My neighbour, Mrs Slurry, a garrulous woman approximately three times my width, was surprised to see me not only because it was past midnight, but I because I usually avoided her as often as I could. I have no stomach for the endless prattling of those who murder language with their sloppy words and dull stories.
She was still awake, one baby clamped to her enormous breast, another in her meaty arms. She looked at me suspiciously but her eyes softened when I revealed the baby under my coat.
"Whatchoo doing with a baby?" she said suspiciously. "Did you steal it?"
"No!" said I, shocked. "I found her outside the drinking house."
Mrs Slurry's watery grey eyes narrowed. "You're not trying to sell her, are you? I don't wanna buy no baby, I got plenny of me own. If you got any turnips, though, I'll take three. Planning to make a stew."
I fought the urge to punch the foolish windbag in her fat face. "I didn't steal her and I'm not selling her, I just found her."
"Whatchoo call her then?"
"Nothing, nothing yet, as I said, I just found her."
"She'd have a name by now. There's many name a baby before it's borned. I meself consider it bad luck to name a child before the wee thing's drawn its first breath. S'like eating a potato raw, innit? Don't give the potato a chance to be the best it can be."
Although I thought the analogy a poor one, I nodded. I was soon to ask this woman a favour.

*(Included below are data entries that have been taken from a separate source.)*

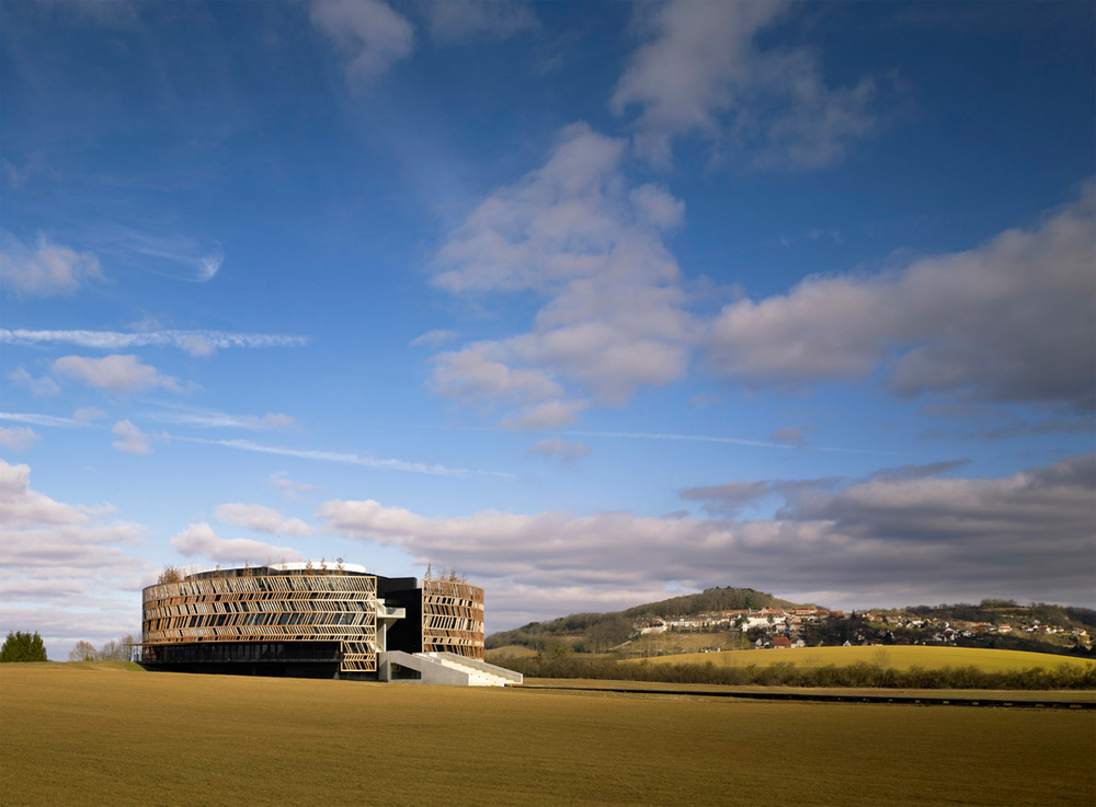 Bernard Tschumi has created a counseling center circular concrete wrapped in a wooden lattice that evokes the Roman fortifications.
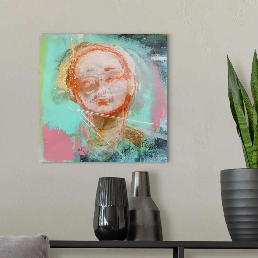 Lost in thought 4, 2020. (Originally acrylics, pastels and gold leaf on paper.)
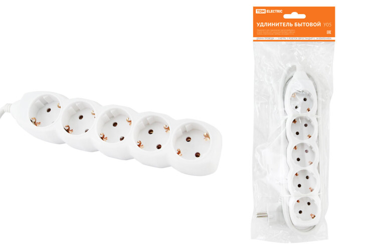 Удлинитель 5 гнезд с/з 3м 16А 250В (ПВС 3х1мм2) белый TDM (20шт)
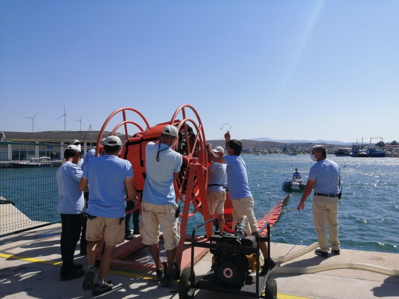 Tatbikatta senaryo gereği, bir tekneden denize fuel oil döküldü. Olayı öğrenen Acil Müdahale ekibi olay yerine gerekli malzemeler ile geldi. Tambura sarılı bariyer denize serilerek petrol sızıntısının yayılmasının önüne geçildi. Bariyer çevrilmesinin ardından, denize sızan petrolü temizleme çalışmasında kullanılacak malzeme kısa sürede kuruldu.
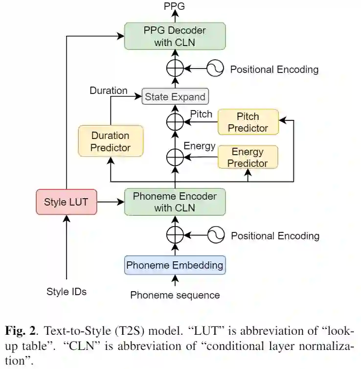 本文提出了Referee系统,这是一种用于表达性 TTS 的强大的无参考 CSST 方法,可充分利用低质量数据从文本中学习说话风格。裁判是通过将文本到样式 (T2S) 模型与样式到波浪 (S2W) 模型级联构建的。作者将语音后验图(PPG)、音素级音高和能量曲线作为细粒度的说话风格描述子,使用 T2S 模型从文本中预测这些描述子。
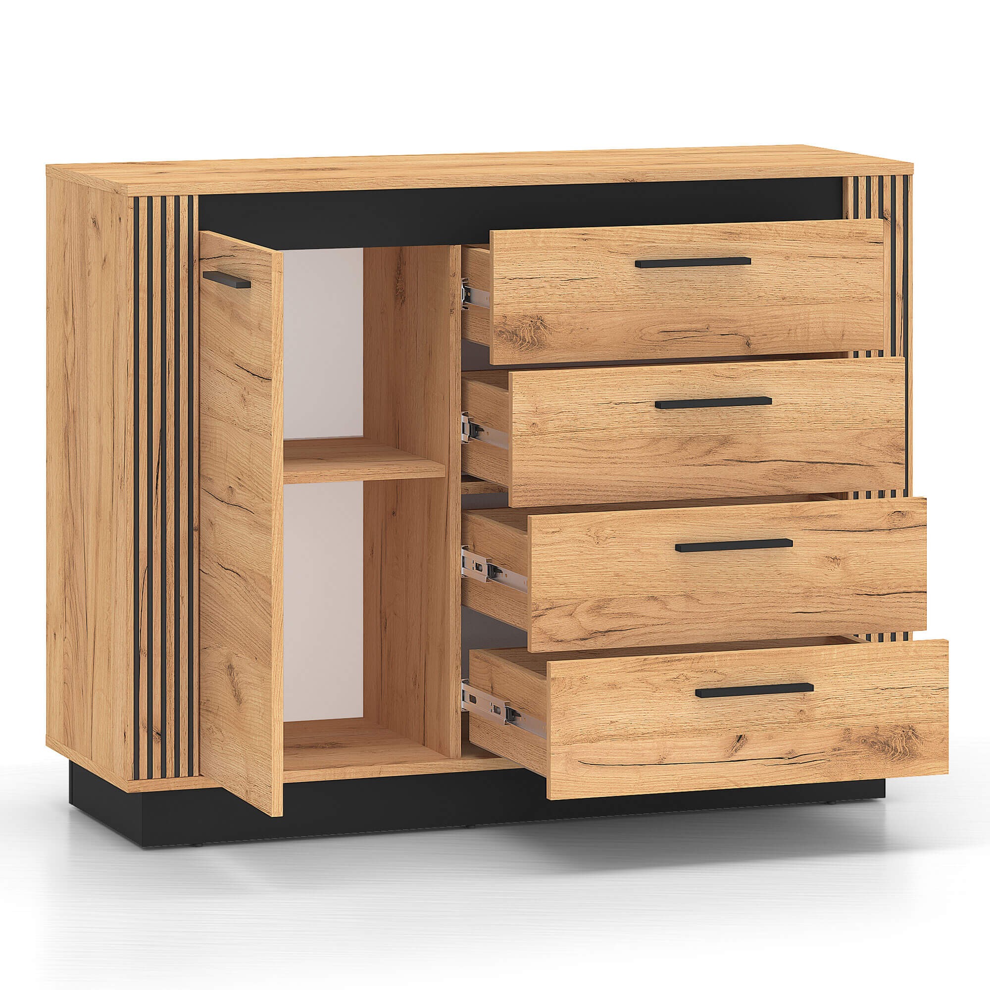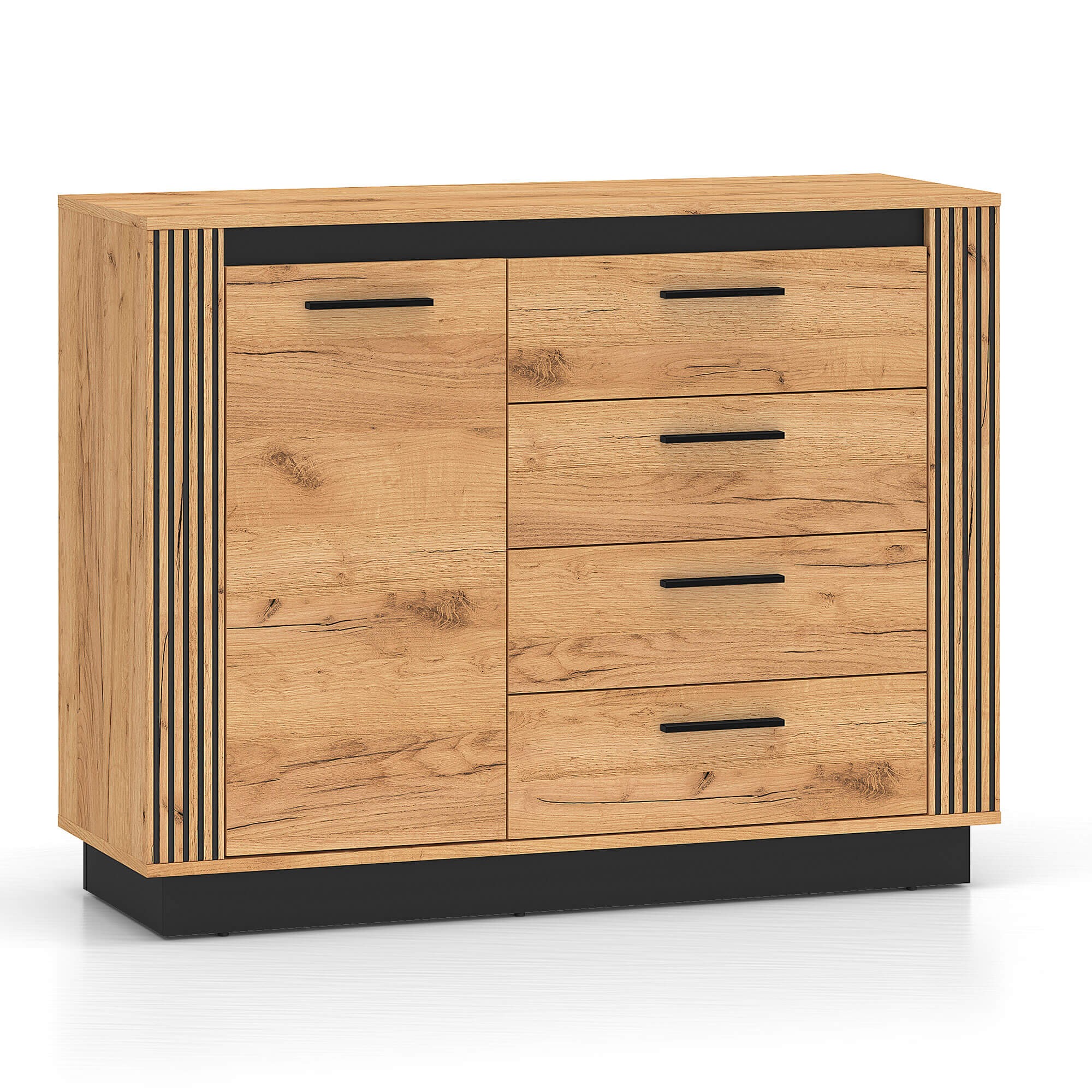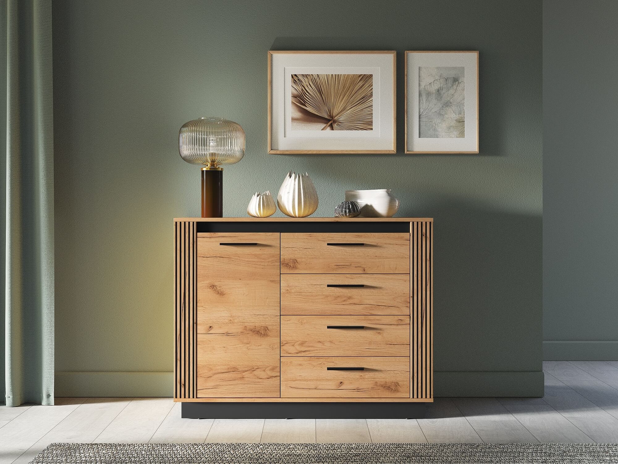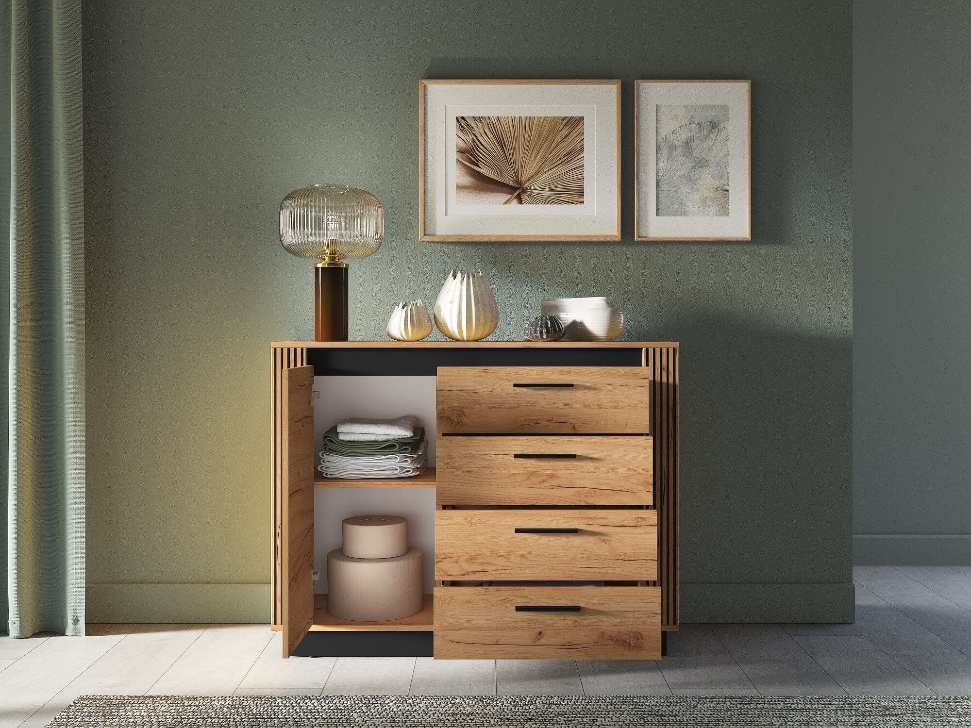 Komoda z lamelami URSO 07 | Dąb craft złoty, czarny

"Looks like a Deborah to me," continued Mrs Slurry. "Poor lamb! Here, give her over, I'm shooting out so much milk me husband wants to sell me to a dairy." She threw her head back and laughed uproariously, her broken teeth catching the light thrown by the stinking candle. "Take this one for me, will you? Can't juggle three kiddies, not with these udders."
I stifled my revulsion, took the sleepy child who had slipped off her breast and handed over the newly named Deborah.
"Um ...," I said, feeling spreading warmth as the Slurry child regurgitated over my shoulder, "this might be a bit of an imposition, but ..."
Mrs Slurry whipped off the Deborah's wet singlet and wrapped her in a blanket. She latched on to Mrs Slurry and sucked away earnestly at the huge brown nipple.
"... could you look after her for me? Just until I can find an alternative arrangement? I can't look after her, I work nights."